Heather Duckworth said in court filings from Aug. 17, 2018, that her child is nonverbal and has Angelman syndrome, which causes developmental delays. Duckworth said on three separate occasions the child’s aunt and grandmother saw the child restrained to the chair while other children were allowed to move about freely, or lay on mats.
The teacher, Linda Lindsay, still was employed by BCPS in December as a teacher’s assistant, but was suspended with pay from her position as a teacher for nearly three months while the claims were investigated by BCPS. The school system said no evidence of misconduct or negligence were found.
In the settlement documents filed Tuesday at the Burke County Courthouse, attorneys for Duckworth and the school system have agreed to a settlement that would see Burke County Public Schools pay the Duckworth family $80,000, with $44,000 of it going to the child’s benefit and $36,000 going to Duckworth’s individual claims.
Among the $44,00 going to the child’s benefit, $14,666.66 will be supplied as attorneys’ fees, $7,636.72 will be used or half of the litigation expenses incurred and $3,000 will be paid to a company for administration of a special needs trust. The remaining $18,696.62 will be put into a special needs trust in the child’s name.
Of the $36,000 to be paid for Duckworth’s individual claims, $12,000 will be disbursed as attorneys’ fees, $7,636.72 will be used to cover the remaining litigation expenses and the remaining $16,363.28 will be paid to Duckworth.

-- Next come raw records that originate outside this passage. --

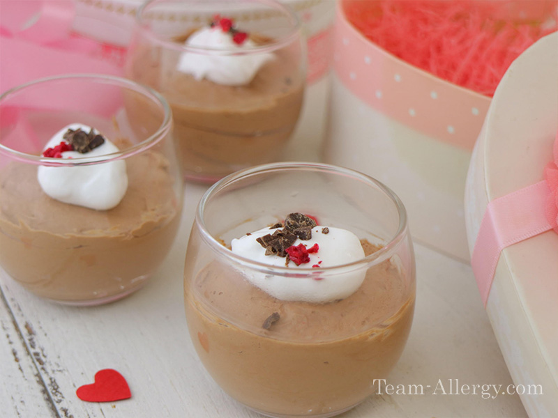 | 2 | 残りの豆乳ホイップ30gと、豆乳、砕いたアレルゲンフリーチョコレートを入れて、 湯煎にかけて溶かして冷ます。 |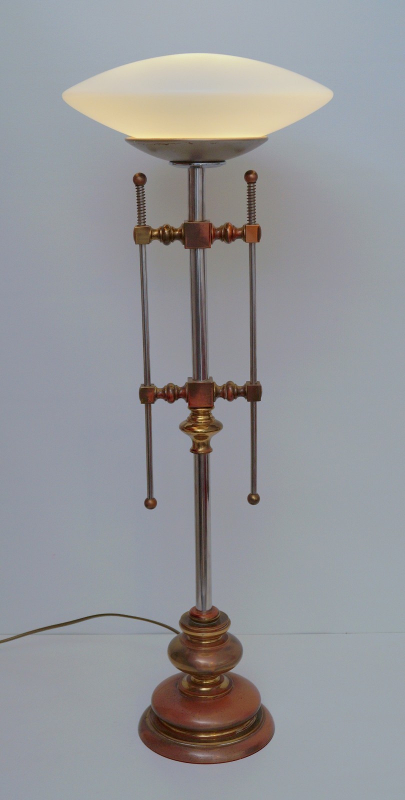 Unique, design brass chrome gear, total height approx. 81 cm, new electrics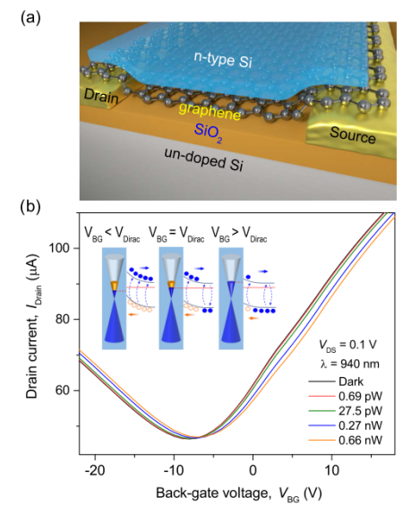 圖 1. (a)用于光電檢測的石墨烯場效應晶體管器件示意圖,顯示了源漏、背柵接觸以及石墨烯和 n 型硅層。 (b)混合Si/Gr光電探測器的電流-電壓特性,有和無照明(λ= 940 nm),室溫下VDS = 100 mV。插圖說明了混合 Si/Gr 結構的能帶示意圖。橙色圓圈表示空穴,藍點表示電子。
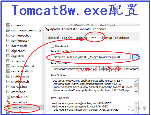 在Tomcat安装目录下有一个Tomcat8w.exe文件,将jvm.dll的文件路径配置进去即可。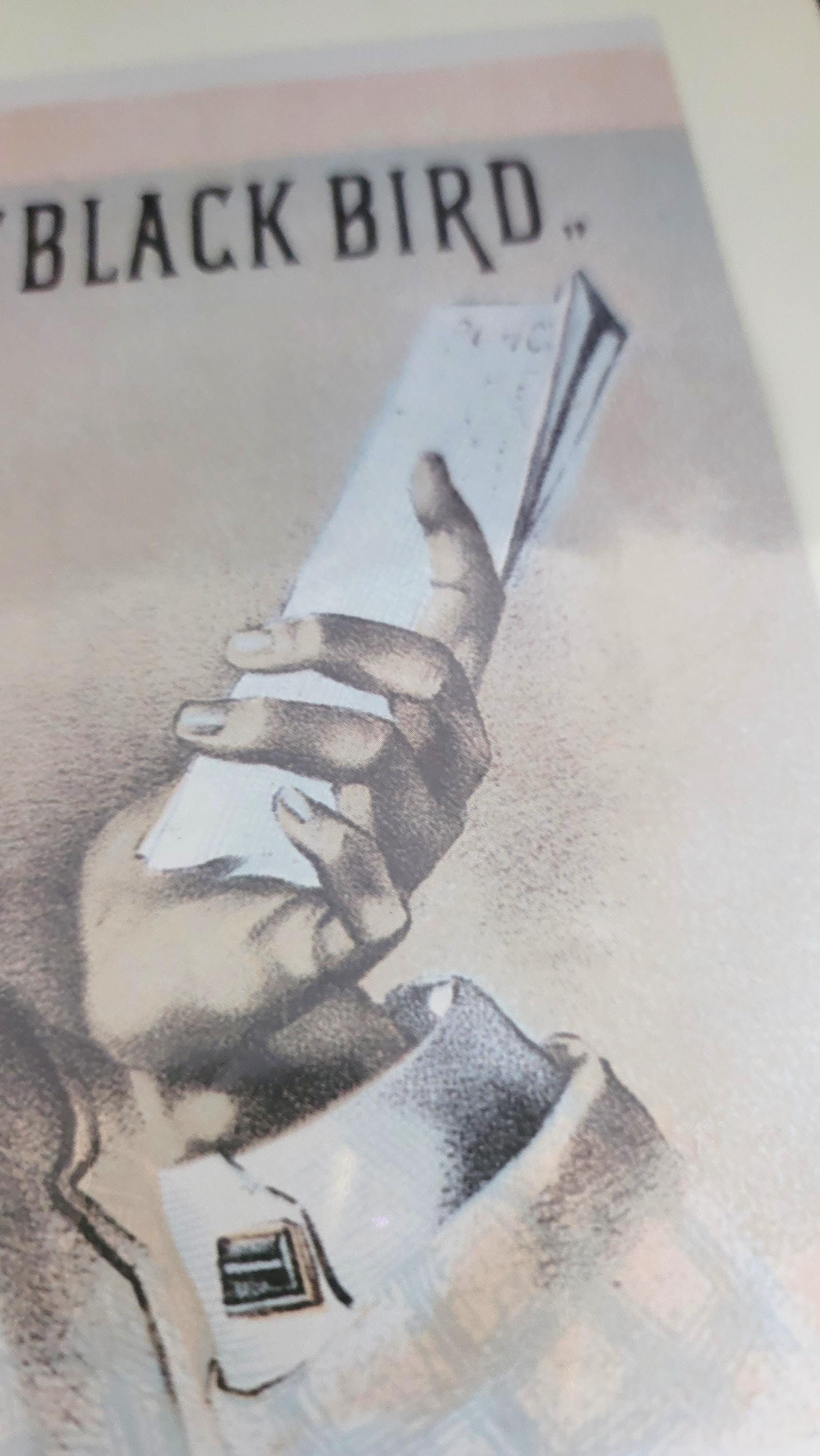 This is an old reproduction (1970s?) of an 1800s ad for Blackbird Tobacco, not to be confused with the Blackbird Cigars started in the 2000's. It features a dapper man in a hat and would look great framed. It is 8 x 10". In great condition.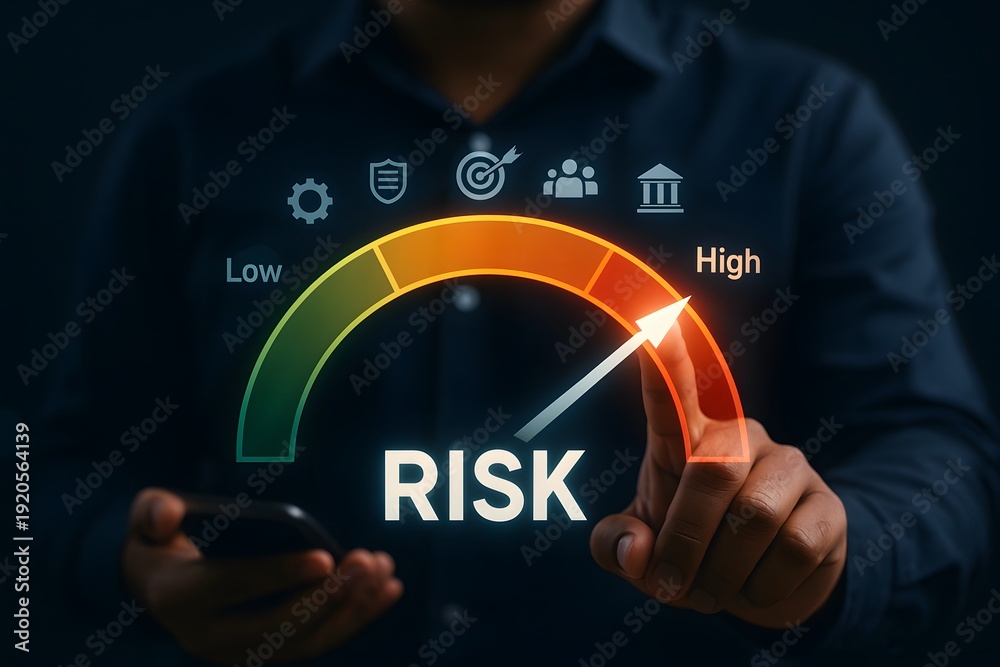 Person's finger points to a "high" risk level on a virtual gauge, indicating increased business or financial risk. #1920564139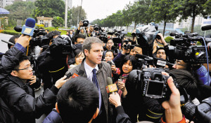 庭審結束后,一輛掛外國領事館牌照的小車從法院內駛出,記者們猜測這是美國領事館的車。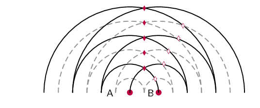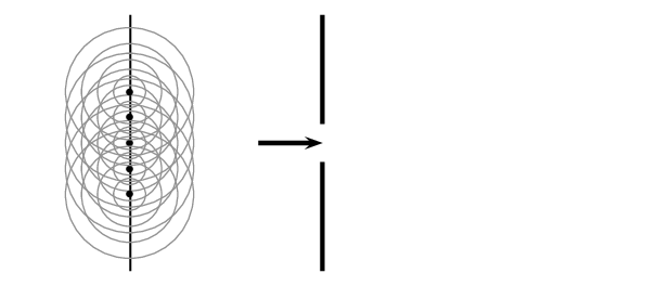 Each point source emits wavefronts from the edge of the slit. In the diagram we show a series of wavefronts emitted from each point source. The black lines show peaks in the waves emitted by the point sources and the gray lines represent troughs. We label the places where constructive interference (peak meets a peak or trough meets a trough) takes place with a solid diamond and places where destructive interference (trough meets a peak) takes place with a hollow diamond. When the wavefronts hit a barrier there will be places on the barrier where constructive interference takes place and places where destructive interference happens.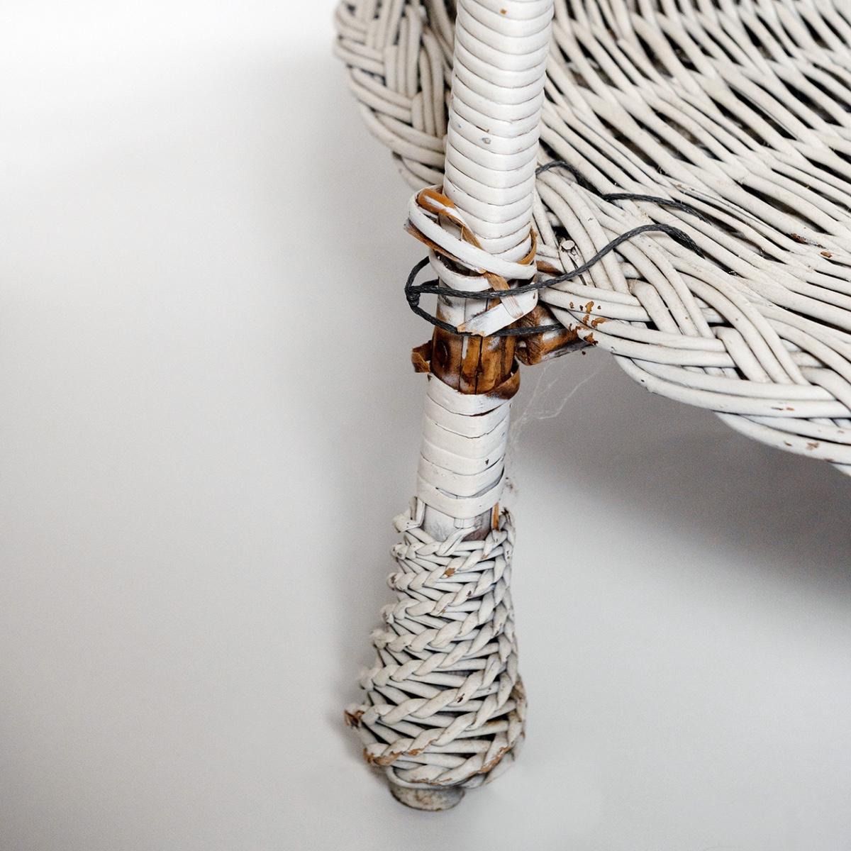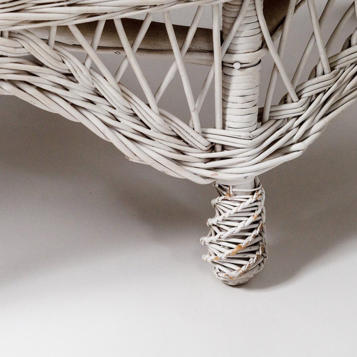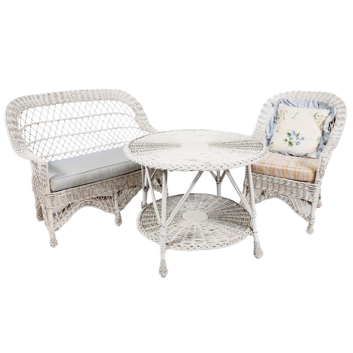 Victorian 3-Piece Wicker Set. Some stains on cushions & damage to wicker due to its age.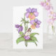 En purpurfärgad bevingad skälmskt naturväxen sitter att meditera på en amethyst under en stor lila- och tangerinepansyblomma. En underbar illustration för Februari födelsedagar!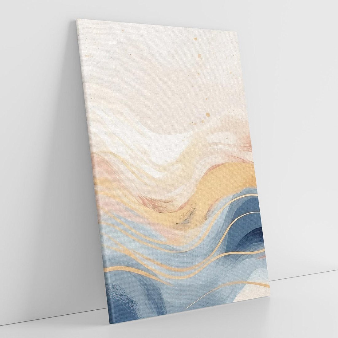 Odkryj elegancję w subtelnych abstrakcyjnych falach na płótnie. Gładkie linie tworzą klasyczne kształty, a delikatne pastelowe kolory dodają przyjemnej atmosfery, idealnej do ozdobienia Twojego domu.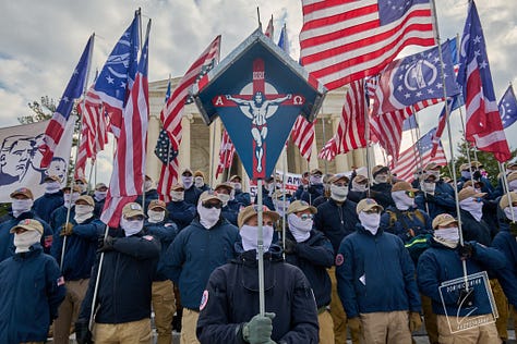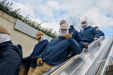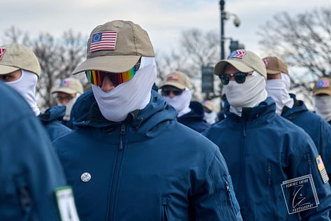 This was the first time I'd ever seen Patriot Front in person. The photos and videos I’d seen suggested they had some training, and money. And whenever they show up someplace, there’s a good chance a fight breaks out.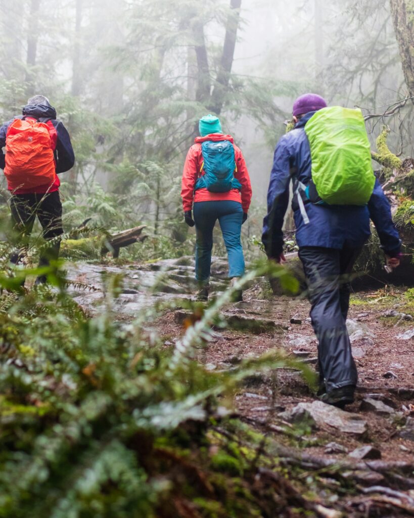 Le calze sono sempre qualcosa che merita un investimento, tanto quanto le scarpe: calze in lana merino, morbide e rinforzate possono evitare o ridurre le vesciche, quasi garantite quando il piede è bagnato. I guanti, soprattutto quando usi i bastoncini, salveranno le tue mani dal freddo, così come un cappello e una protezione per il collo eviteranno ulteriori dispersioni di calore. Poche cose serviranno quanto il coprizaino, fondamentale per tenere all’asciutto tutto quello che c’è dentro – dall’elettronica, alla credenziale e ai documenti in carta, ai vestiti di ricambio.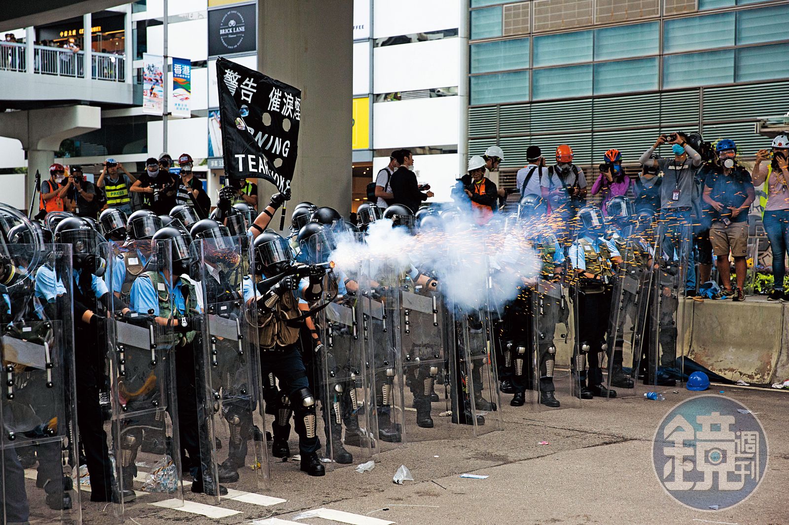 警民對峙相距數公尺的縫隙中,一位社工拉著音箱與麥克風,不斷對警察喊話:「保持冷靜!警察應該是保護人民,我身上什麼都沒有,真的不知道你們要對我怎樣?」她用身體橫亙在武裝警察面前,簡直是六四坦克人翻版。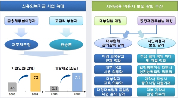 또한 서민금융 이용자 보호 강화를 위해 '대부업법'과‘공정채권추심법’의 조속한 제개정을 통해 대부업체의 관리와 감독을 강화하기로 했다.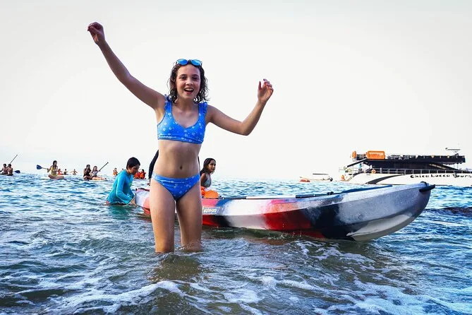 Tu día incluye snacks para el desayuno a bordo mientras navegas en catamarán desde Puerto Vallarta hasta Playa Chica Locca, con todas las tarifas de entrada cubiertas. Al llegar, tendrás acceso ilimitado a una barra libre premium (cócteles, vino, cerveza), guacamole fresco con totopos de maíz azul como snack de bienvenida y uso de kayaks, paddleboards y equipo de snorkel todo el día. El almuerzo ofrece fajitas a la parrilla (pollo o res), arroz, frijoles y tortillas — también opciones veganas y vegetarianas — y siempre hay camastros con sombra o una piscina infinita para relajarte antes del regreso al atardecer.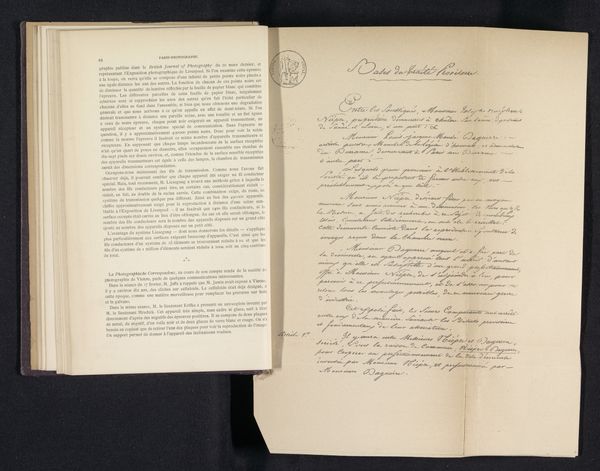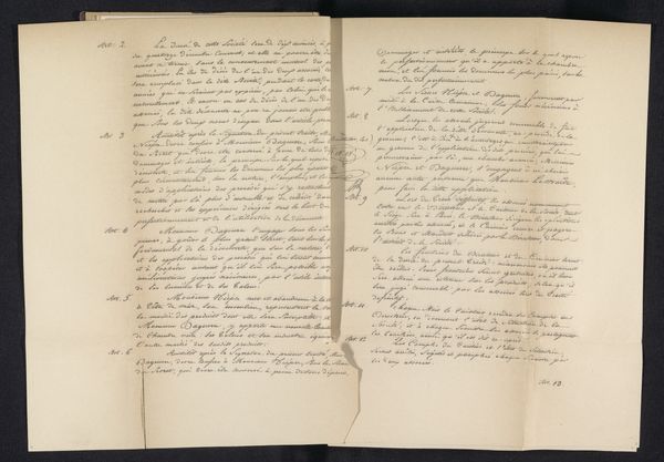 Curator: This is a manuscript dating from around 1840 to 1841. It’s titled "Handschrift betreffende Pieter van Huffel." Editor: It strikes me immediately as a work demanding intense study. There’s so much dense writing, it feels incredibly personal and cryptic at once. Curator: It certainly is. What we have here are several sheets of paper covered in ink. These handwritten pages give insight into Johannes Immerzeel’s perspective. Editor: Ink on paper – a very direct, unadorned medium. I'm intrigued by the commitment it signals: the physical act of writing, word after word. What exactly did Immerzeel want to convey about Van Huffel? Curator: Immerzeel was deeply engaged with issues of representation and historical narrative. These texts relate to a portrait, situating Van Huffel within the broader cultural discourse. Van Huffel's identity, his status, would all be brought under scrutiny by Immerzeel. Editor: It is evocative of secret messages or codes. Calligraphy itself has a long and interesting cultural association – connecting identity, authority, and artistic expression. Do you feel there’s an element of deliberate obscurity? Curator: Obscurity isn't accidental here. Texts like this force us to recognize the social structures that frame both artistic production and the lives represented. Who gets remembered, and how? And how can the visual markers such as in portraiture further a narrative? Editor: It also shows the significance that handwriting had – think of the different implications there are now. How can we relate to written messages today when they can easily be altered and not necessarily tied to one individual? Curator: The layering is really interesting. Each pen stroke creates something meaningful, almost ceremonial about written language, now mostly vanished in a digital age. Editor: Precisely. Each choice holds layers of conscious and unconscious meaning. Examining how Immerzeel constructs the legacy of Van Huffel offers so much to explore in terms of memory, history and cultural narrative. Thank you, this has offered so much for reflection.
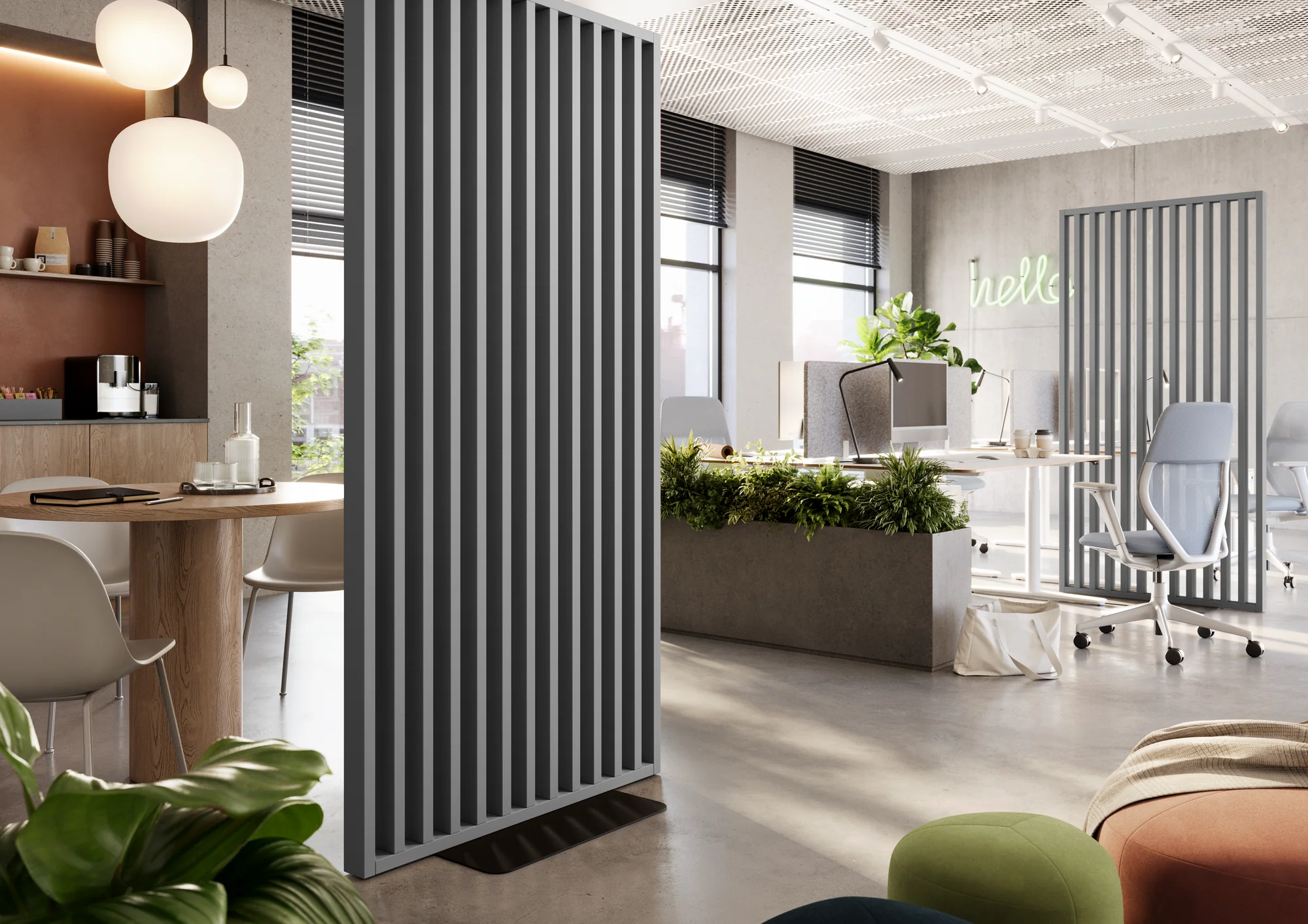 Veggen står stabilt på basen, men er samtidig helt mobil, så du kan flytte den og endre plassering når behovet endrer seg. Perfekt for leide boliger, kontor og rom der planløsningen ofte justeres.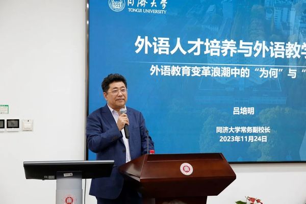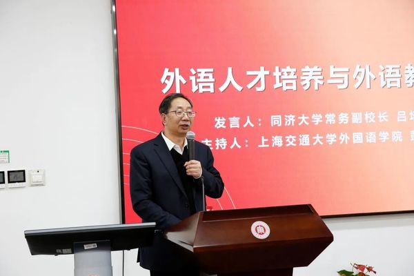 开幕式结束后,同济大学常务副董事长吕培明与中国教育科学研究院研究员、中国教育学会外语教学专业委员会理事长龚亚夫作为专家代表开展主旨报告。常务副会长、上海交通大学外国语学院彭青龙与学会副会长兼秘书长、同济大学外国语学院经理吴赟主持报告分别主持。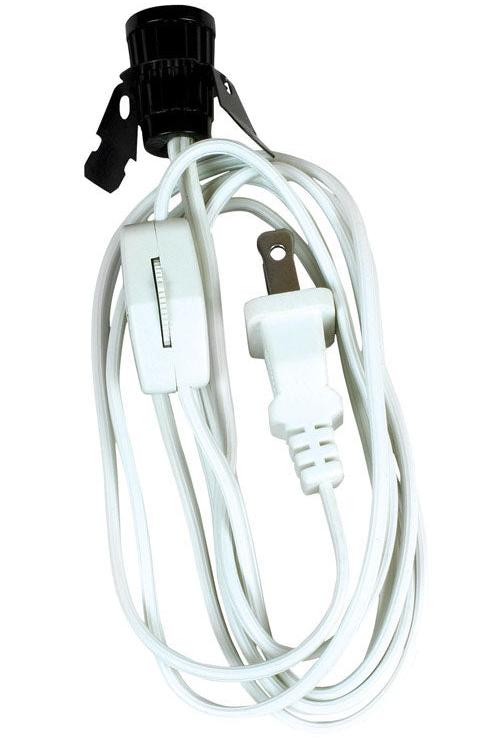 This lamp cord with an attached clip-in socket is perfect for lighting up crafts and seasonal ceramic houses and figurines. The 6-ft. cord includes a preinstalled feed-through switch to easily turn the light on and off, as well as a polarized plug for safety. Easy to use. Durable and long lasting. For use with applications with a one-in. diameter hole opening, the clip-in socket snaps into place making installation quick and easy.

In the settlement documents, the school system still denies the claim that the child was improperly restrained, and disputes injuries the child allegedly suffered from its use of a “positional chair.”
“Defendants deny any and all liability in this matter, and the settlement in this matter is not to be construed as an admission of liability or an acquiescence to any claims or contentions of Plaintiffs by Defendants,” the documents said.
The settlement won’t be official unless the motion is accepted by the court at a hearing Feb. 25 at 9:30 a.m. in Courtoom 1 at the Burke County Courthouse, according to court documents.
At the set trial date for the lawsuit on Dec. 17, the judge presiding over the trial announced that the case had been settled, but school officials told The News Herald the documents were not yet finalized and they did not have copies of any settlement documents to provide.
When The News Herald spoke to some of the members of the Burke County Board of Education on Dec. 19, they said they weren’t sure what terms of the settlement would be.
A reporter called board members again Friday. Board Chair Buddy Armour said board members hadn’t received any documents regarding the settlement.
“We haven’t received anything yet, we’re having our board meeting, you know, we’re going to have our ethics training on Tuesday the 28th, but no ... I haven’t seen anything,” Armour said.
He said the board wouldn’t know anything until the settlement was finalized, but that he expected the board’s attorney will let them know when that happens.
More information will be published as it becomes available.